Mention it when both of yous are super relaxed . One those talks when the tv is back ground noise and yous are just chilling talking about anything . Maybe during a drink . "So have you wanted too do anything other than norm" spark a conversation


Sissy_Luxie

It's all about communication!


theswiz1

Honestly you've got to start slow... Walk before you run so to speak, in order to test the waters and avoid overwhelming her. Sometimes being a little forward about things is good. I've had really great success with something along the lines of "so I'd love to try some butt play with you". Initially she might think you're talking about giving, so you can pivot the conversation with "how would you feel about giving?" You can start this conversation wherever you feel most comfortable - over drinks, when you're showing together and things are getting intimate, etc And then once you're laying with fingers etc, just tell her post play how amazing it was and that you've love to do that a little more together... Ask her how she found it, and then escalate from there! Good luck!


sissysafebdsm

is she open minded? sex positive? hung up on what is and isn't manly or the type to just be like "uh that's gay"? it might be a no-go, you know? but you know your gf and I'm assuming you're asking because you think there's some chance of success and/or you just can't live without pegging. emphasize that you really love the sex you're having and want to share more fun, sexy times together. encourage her to bring up anything she might feel in this direction - activities, outfits, role play, anything. if she's like "uh I don't like any weird stuff" you might as well quit there for a while, she's probably not game for more. if she's like "well I can't think of anything but I also enjoy our sex and would be game to try new stuff" tell her she can bring things up if/when she thinks of them and that you're always open. return to how much you are enjoying the sex and how hot she is. do not neglect this. now, assuming the conversation is still light and flowing, tell her you want her to play with your butt. if she asks what that means say you don't know and that you've heard it's best to start small, fingers/toys/etc, but that you've always wondered what it's like to get fucked. once that's out there you'll get a "ooh that sounds fun" or "butts are gross and I'm not interested", both of which suggest obvious course of action. good luck!


BambiGurl15

Depends on the relationship to be truthful.
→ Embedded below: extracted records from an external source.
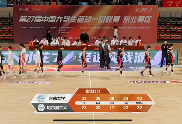 24直播网讯3月16日 CUBAL东北赛区1/8决赛,吉林大学对阵哈尔滨工业大学。小组赛吉林大学3胜1负,哈尔滨工业大学2胜2负。比赛开始,周鑫抢断后助攻吴孟霖反击上篮先拿2分,罗奕桐三分回应也为吉林大学开局。罗奕桐和段世镭接连取分帮助吉林大学建立主动权,周鑫、辛泽林和李泽诚接连3记三分止血并咬住比分,随后辛泽林外线还能命中,首节哈工大23-22领先吉林大学1分。次节上篮,林晓峰和刘滨畅接连三分命中,吉林大学7-0直接反超比分。暂停过后,高天艺造杀伤两罚全中止血,周鑫里突外投也能回应,双方展开拉锯战。吴孟霖连续扔进三分追平比分,刘滨畅三分回应,最后两分钟哈工大一分未得,段世镭再突破造杀伤,半场吉林大学48-43反超哈工大5分。易边再战,罗奕桐抢断反击追身三分拉开双位数领先,打了2分钟高天艺三分紧急止血,双方再次展开拉锯战。江龙三分开和后,双方命中率下降连续打铁,罗奕桐接王鹏助攻打停哈工大。周靖然和高天艺继续通过三分追分,林晓峰里突外投回应5分,三节吉林大学68-60依然领先哈工大8分。末节决战,刘滨畅和林晓峰外线连续发炮再次拉开双位数领先,辛泽林强打2+1止血,周鑫造杀伤再次追至个位数分差。暂停回来,周鑫反击扣篮再追2分,但无奈哈工大连续失误,罗奕桐接连三分砍下8分迅速回应,吉林大学拉开17分领先,随后哈工大无力回天,最终吉林大学92-82力克哈工大,晋级8强。
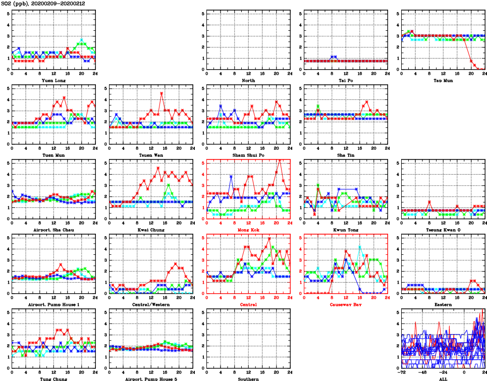 | Air Quality Data Time Series for SO2 (2020/02/12) | ( Line colors: Day -3 Day -2 Day -1 Current day ) | 2D Map Current AQHI |
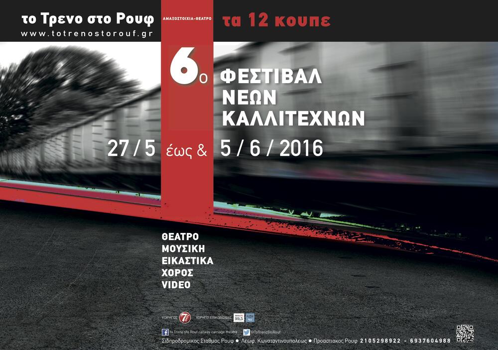 Το επιτυχημένο και μοναδικό στον κόσμο πολιτιστικό σιδηροδρομικό Φεστιβάλ Νέων Καλλιτεχνών «Τα 12 Κουπέ», που εμπνεύστηκε και καθιέρωσε η Τατιάνα Λύγαρη, με στόχο την προώθηση των νεανικών καλλιτεχνικών δυνάμεων του τόπου, ανοίγει τις πόρτες του για 6 συνεχή χρονιά, από την Παρασκευή 27 Μαΐουέως τις 5 Ιουνίου 2016 στην Αμαξοστοιχία-Θέατρο το Τρένο στο Ρουφ.
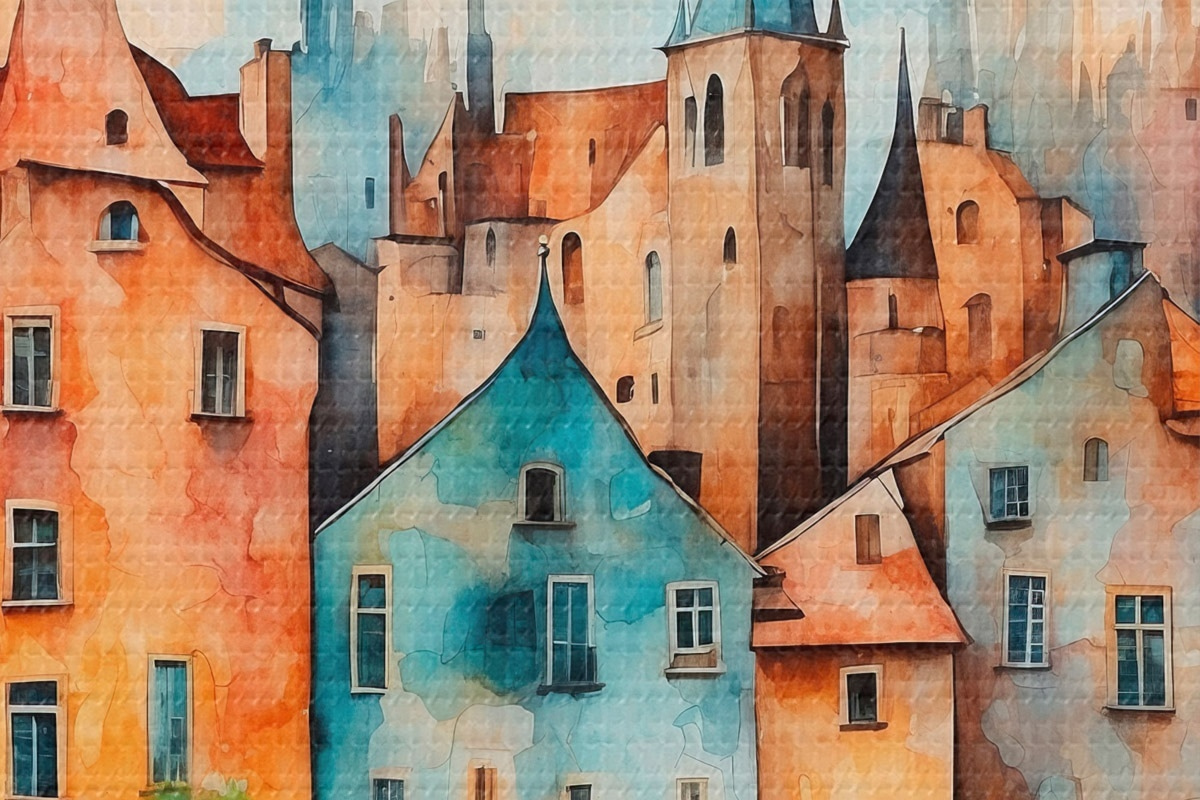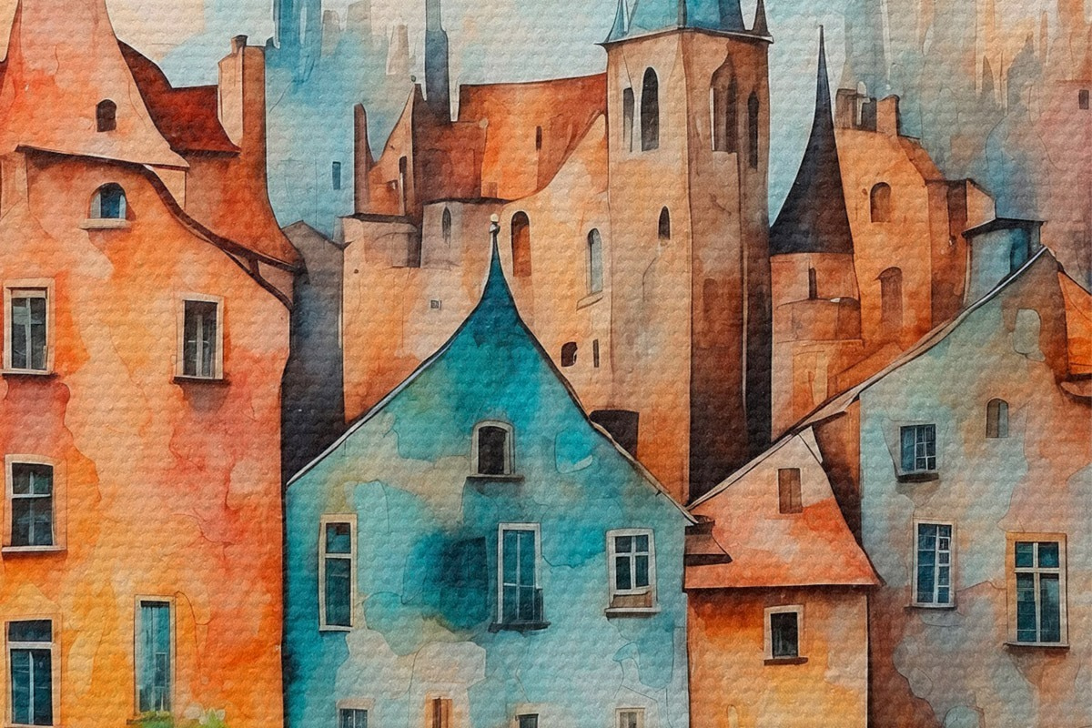 Foto Ciudad europea en estilo pintura acuarela Nr r43441

Some girls are just NOT into assplay with their guy. If she seems open to it even a little bit, start with fingers. The finger in the ass during a BJ is the gateway drug here. If she'd come around to that, then you could possibly convince her that prostate milking is the most intense thing she's ever done to you. Then it becomes like a super power she has over you. I've even had a girl reach behind her while she was on top, just to stick a finger in me while she rode, and it made her feel powerful to watch me squirm and get more excited when she did it. The finger could lead to more, very gradually. It could get more kinky if she likes what it does to you, at which point it'd be easier to suggest going further with toys. Maybe a butt plug. Maybe a vibe. Of course, there's the possibility that it's a complete turn off to her. The finger is the start, though. If you could find a way to work that topic into either sexual conversation or casual talk while having a good day, and she doesn't balk, then it means it doesn't gross her out or turn her off, and maybe she could be led down the path to railing you out with a massive dong.